Выбрать главу

Христианская цивилизация развивалась, отвечая особому статусу человека, расширяя спектр его возможностей, создавая соответствующую среду действия, но при этом новое мироощущение, мятущийся человеческий дух — оплодотворив прежнюю ойкумену и впечатляюще трансформировав ее — не раз и не два срывался в долгий, затяжной кризис. В результате вектор развития — обретаемая людьми свобода — оказывается двусмысленной шкалой формального могущества, которое не претворилось в победу. Несовпадение траектории внутреннего мира с техническими возможностями и границами общественного развития предопределило разрыв социальной ткани, одновременно усилив предчувствие кардинальной исторической метаморфозы.

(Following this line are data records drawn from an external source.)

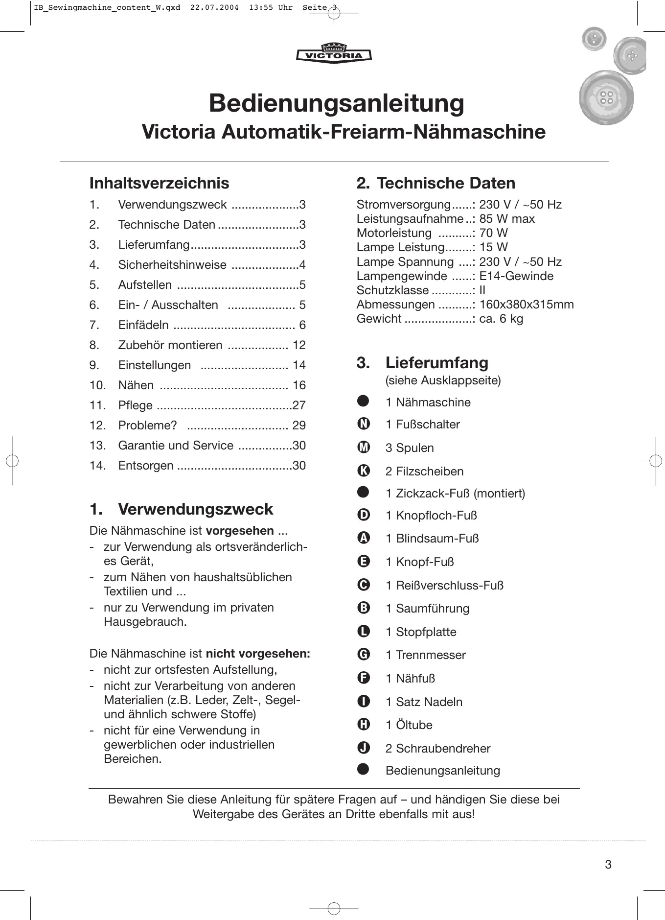 Bei einer Nähmaschine kann man sich wie mit jedem anderen Elektro- gerät verletzen und in Lebensgefahr geraten. Um dies zu vermeiden und um sicher zu arbeiten: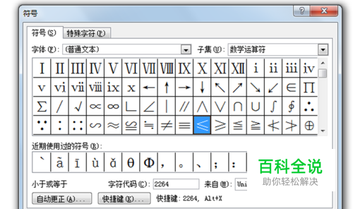 字体设置为普通文本,子集设置为数学运算符,找到小于等于号,点击插入。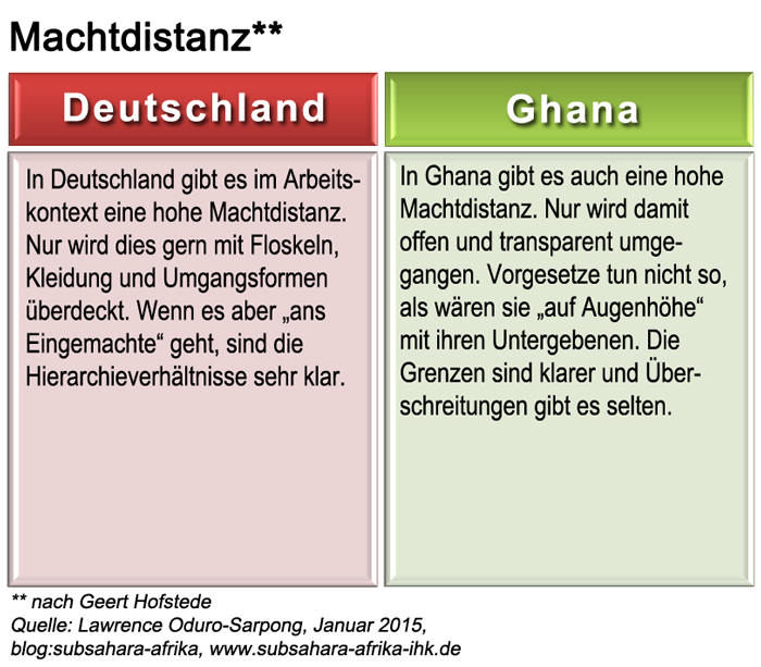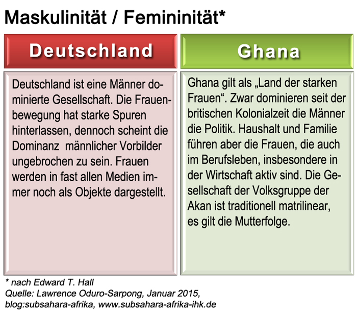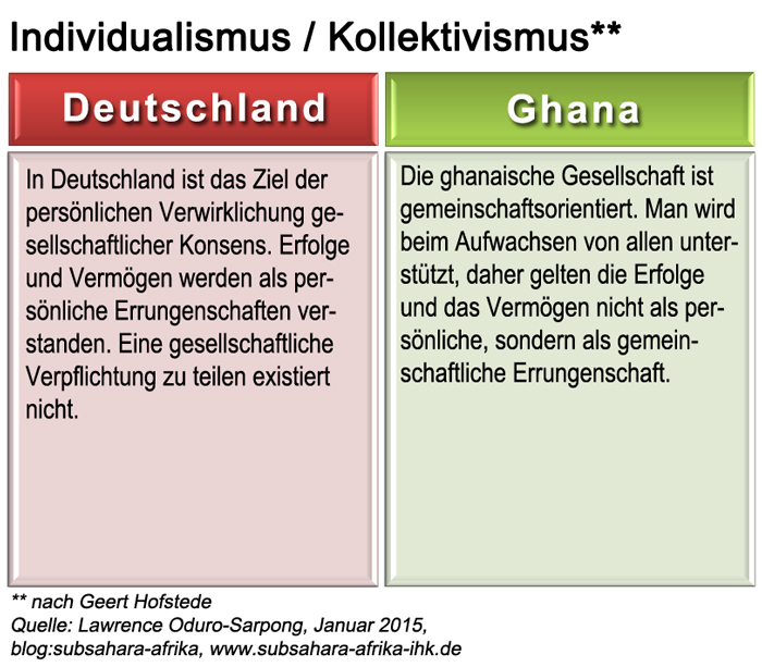 Deutsche und Ghanaerinnen und Ghanaer haben die Gemeinsamkeit, dass sie ihr Land mögen. Auch das „Chilling“ haben sie gemeinsam, indem sie nach Feierabend oder am Wochenende in die Bar oder Kneipe gehen, um mit Freunden etwas zu trinken. An Feiertagen unternimmt man gerne etwas, man veranstaltet ein Picknick oder man fährt an den See oder Strand um zu feiern. Unterschiede gibt es aber reichlich. Als spirituelles Volk nehmen es die Ghanaerinnen und Ghanaer sehr ernst mit der Religion, sei es mit dem Christentum, Islam oder anderen Religionen. Sonntags gehen auch junge Menschen zahlreich in die Kirche, während man in Deutschland eher Senioren und Kleinkinder antrifft. Auch bei Arbeitssitzungen wird in Ghana nicht selten vorher und nachher gebetet. Ghanaerinnen und Ghanaer sind harmonieorientiert, während Deutsche zur Schuld- und Problemorientierung neigen. Die Trennung von Männer- und Frauenrollen findet in der ghanaischen Gesellschaft auch bei Akademikerinnen Zustimmung, während sich die Rollen in Deutschland zunehmend vermischen.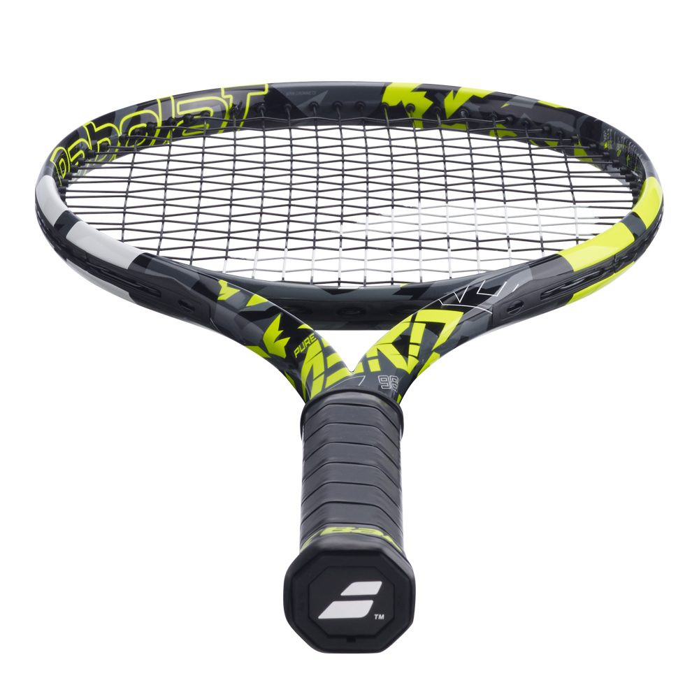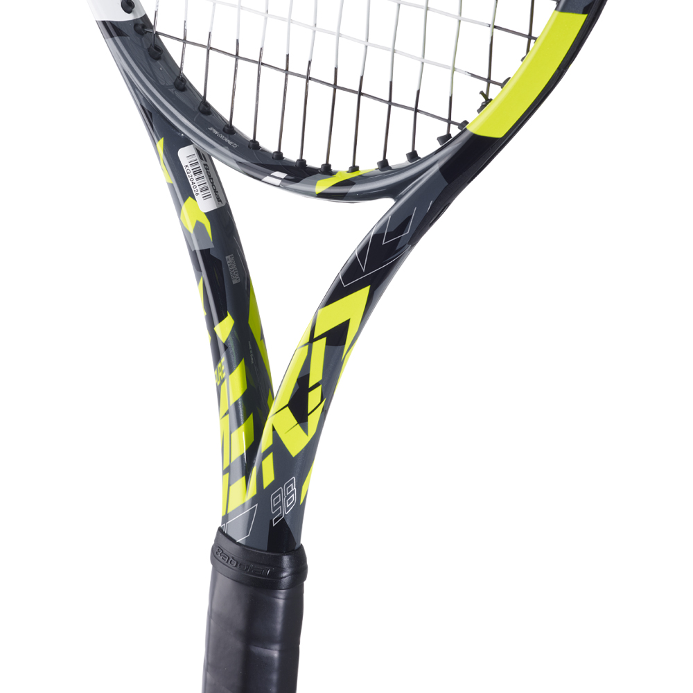 Babolat Pure Aero 98 Tennis Racket (Frame Only) (2023)The combination of a 98 inches squared headsize, a thin 21/23/22 beam and a 16/20 string pattern brings control and precision to the spin-friendly Pure Aero family. A must-try for the modern performance players.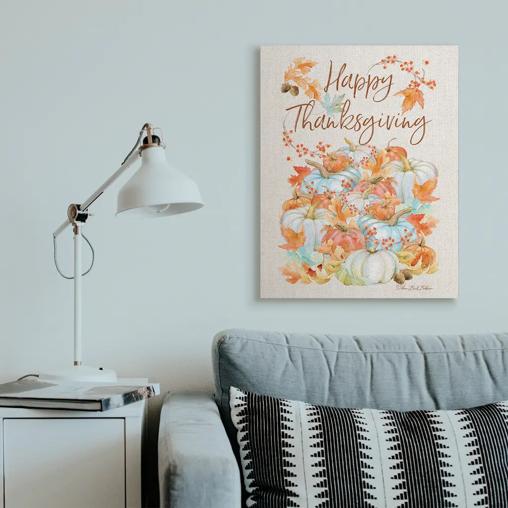 Stupell Happy Thanksgiving Phrase White Autumn Pumpkins Canvas Wall Art - 30 X 40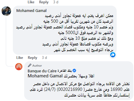 وقال عميل بنك القاهرة في تعليق على صفحة المصرف الرسمية على موقع "فيسبوك"،: "ممكن أعرف يعني إيه عمولة تجاوز أدني رصيد".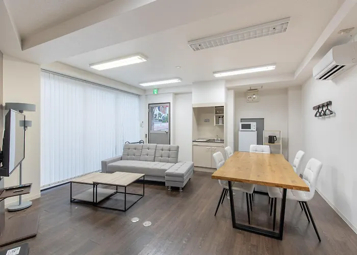 広々とした82m²の東京都Tomihisa Houseアパートメントは東京都の中心に位置し、靖国神社から歩いて25分のところにあります。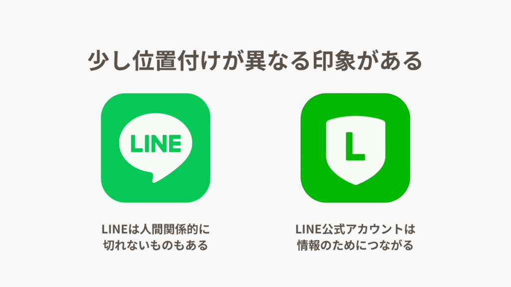 LINEは知り合いなどと繋がりますよね。ブロックするとなると大仕事というか、結構大変笑。対してLINE公式アカウントは「つながりたいからつながる」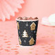 Ajoutez une touche de fantaisie à vos festivités de vacances avec nos mignons Gingerbread Village Fir Trees Blue Christmas Paper Cups. Dotées d'un joli art populaire moderne et festif inspiré des modèles nordiques, norvégiens et scandinaves, ces tasses représentent un charmant village de pain d'épices avec des maisons en pain d'épices nichées au milieu de pins et de sapins de Noël. L'agréable aquarelle rustique vintage rétro évoque un merveilleux pays d'hiver douillet rempli de biscuits de Noël, accents Candyland et des flocons de neige en chute libre. Dans une charmante palette de couleurs bleu foncé, marron et blanc, ces tasses sont parfaites pour un rassemblement festif !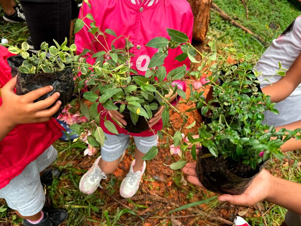 Los niños se dividieron en dos grupos: uno se llamó los jardineros; el otro, los guardianes de la naturaleza. Mientras unos recibían las plantas como barquitos, bailarinas, coquetas y siete cueros, los demás esperaban en fila, con los ojos atentos y las manos ansiosas por tocar la tierra.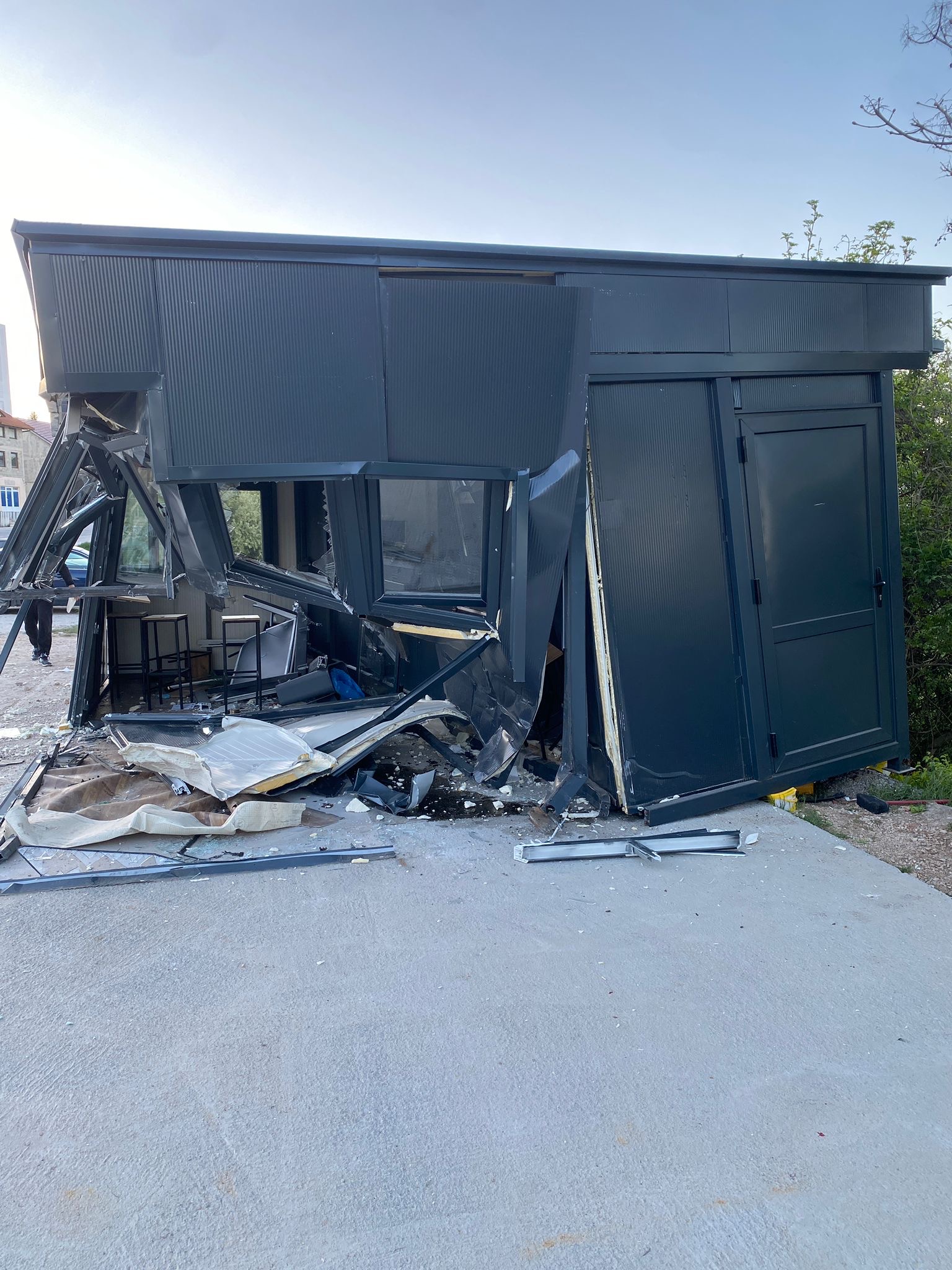 Na fotografiji s mjesta događaja vidi se potpuno uništena prednja strana objekta, razbijena stakla i velika šteta u unutrašnjosti.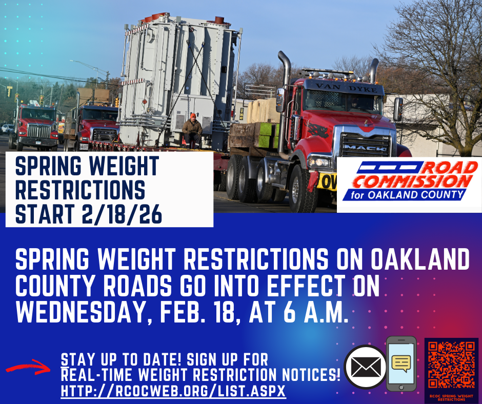 The Road Commission for Oakland County (RCOC) will apply seasonal spring weight restrictions to its non-all-weather roads on Wednesday, Feb. 18, at 6 a.m. The restrictions limit the weight trucks can carry on roads and are intended to minimize damage to roads while the ground beneath them thaws.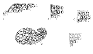 The embedding on a plate is used for both a single stone and for more stones together according to the design of the object and to the effect that one wants to get. The plate is prepared with one or more holes (dis. A) and these holes must have such a countersink that the "culas" of the stone will lean on it in a regular way; the stones' belt will have to be slightly shorter than the plan of the surface (dis. B). At this point, who embeds, will lift with the burin some metal points (3 o 4) around the stone according to the design and to the size of the stone (dis. C). When this is done he will take the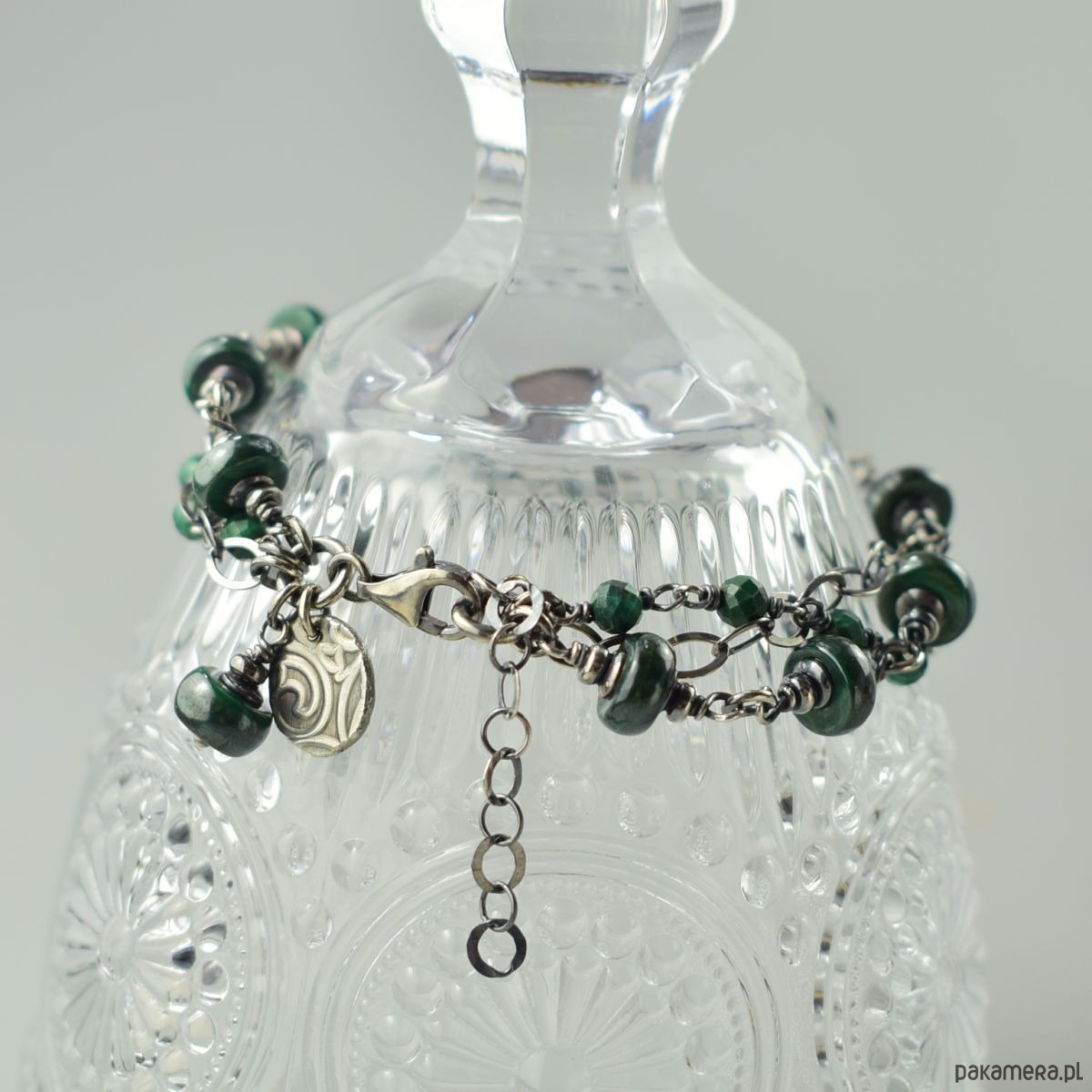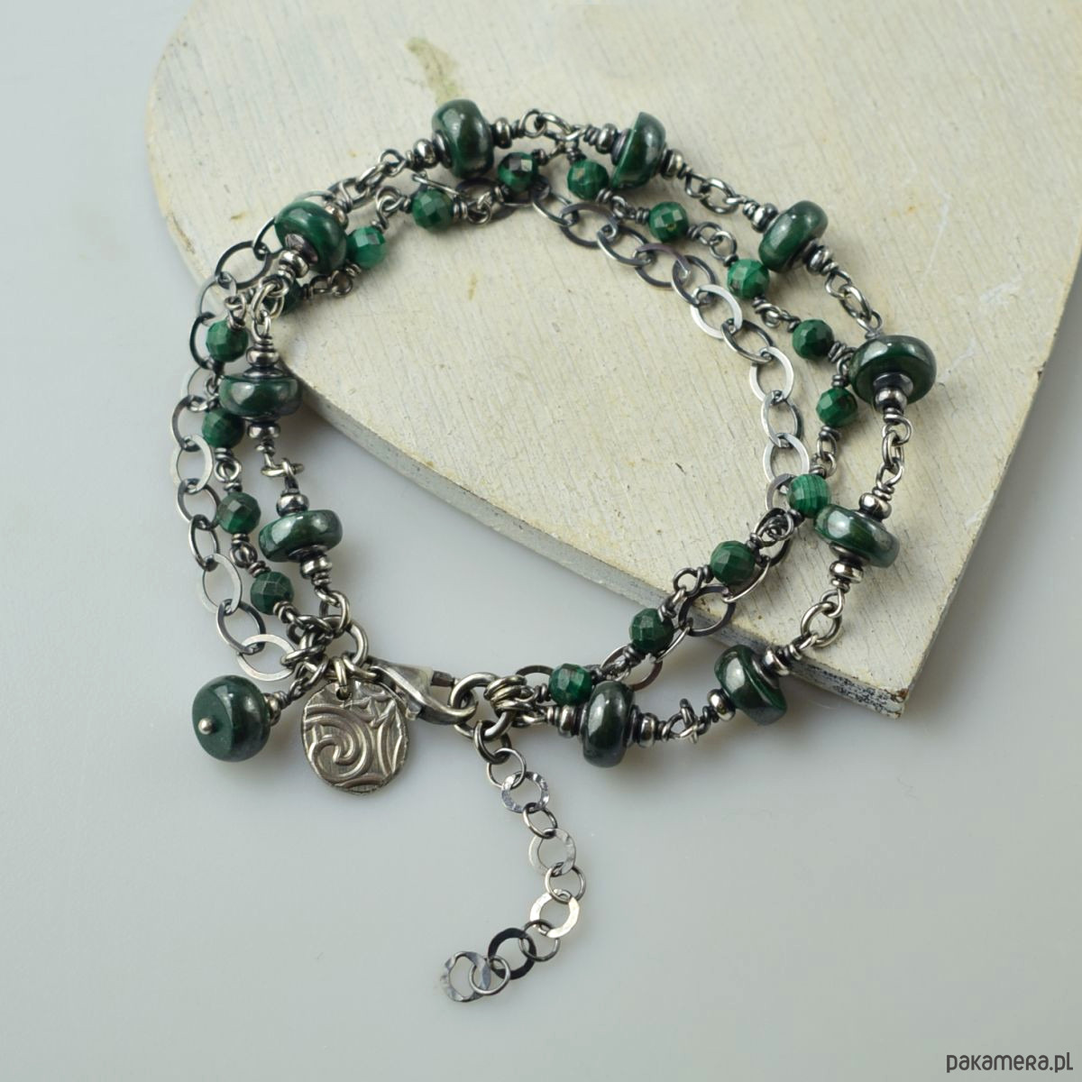 Bransoletka wykonana w całości ze srebra (próba 925) z malachitem. Całość została zoksydowana (przyciemniona) i wypolerowana. Długość regulowana 20 - 23,5 cm. Biżuteria zostanie ozdobnie zapakowana.

В начале III миллениума мы видим присутствие на планете двух сопоставимых по своим возможностям кодов управления, их конкуренцию и симбиоз. Одна система общественной регуляции, привычная и явная, связана с публичной политикой, национально-государственным устройством. Ее можно было бы назвать политической, но лучше, наверное, определить как власть государственную, суверенную и легитимную, ибо любые системы управления глобального масштаба в конечном счете политические. И второй тип мирового управления — находящаяся на подъеме, обезличенная транснациональная система, состоящая из международных неправительственных организаций и транснациональных корпораций, которую по аналогии можно бы назвать экономической, но тут нужен какой-то семантический сдвиг, и мне привычнее понятие геоэкономическая, поскольку мы имеем дело именно с парагосударственной системой управления, а не просто с хозяйственной деятельностью. То есть рассматриваем нечто, что содержит регулирующие, властные функции, далеко выходящие за рамки самых сложных производственных и рыночных связей и относится к политической стороне жизни общества. Или же — есть и такое, масштабное по своему смыслу определение — “денежный строй”. Непубличная власть, хорошо владея схемами полифункционального организационного и хозяйственного управления, постоянно наращивая изощренность и мощь привычных финансово-правовых кодов, проделала впечатляющую эволюцию от господства над материальными объектами к управлению объектами социальными (субъектами), сливаясь, таким образом, с более привычным контуром власти, причем чрезвычайного уровня компетенции. Впрочем, то, что на определенном уровне власть экономическая и политическая сливаются, представляется сейчас уже вполне тривиальным фактом...

Серьезные трансформационные процессы развиваются также в сфере культуры, чьи глубинные источники, кажется, иссякают. Ее плоды все чаще рассматриваются как особый интеллектуальный ресурс, сырье для информационных и коммерческих проектов. Основное внимание при этом уделяется не трансценденции бытия, но аранжированию материала, стратегическая же цель видится не в познании смысла жизни, а в ее системной организации. Соответственно и усилия индивида направлены не на обретение полноты личности, а на расширение пространства собственной актуализации, на “эгоистический захват духовного пространства”. В результате культурное наследие человечества превращается в компоненты эклектичного трансформера а la Lego, текущие штудии — в спортивно-состязательную “игру в бисер” либо массовую культуру, и, как следствие, в мире распространяется феномен фрагментарного, “клипового” сознания. Так что читать толстые романы теперь не то чтобы не модно, но порой становится “почти физически” затруднительно. Иначе говоря, происходит декомпозиция культуры с последующей экстенсивной эксплуатацией ее достижений, их произвольной реконструкцией в соответствии с той или иной конъюнктурной задачей, случается, противоположного свойства. К тому же создатель культурного объекта (или продюсер ) нередко заранее учитывает маркетинговую стратегию, встраивая ее компоненты непосредственно в художественную ткань произведения. Последний, хотя, может быть, и не самый яркий пример тому — две версии фильма “Пёрл-Харбор”: для мировой аудитории и отдельно для японской, исходя из интересов проката.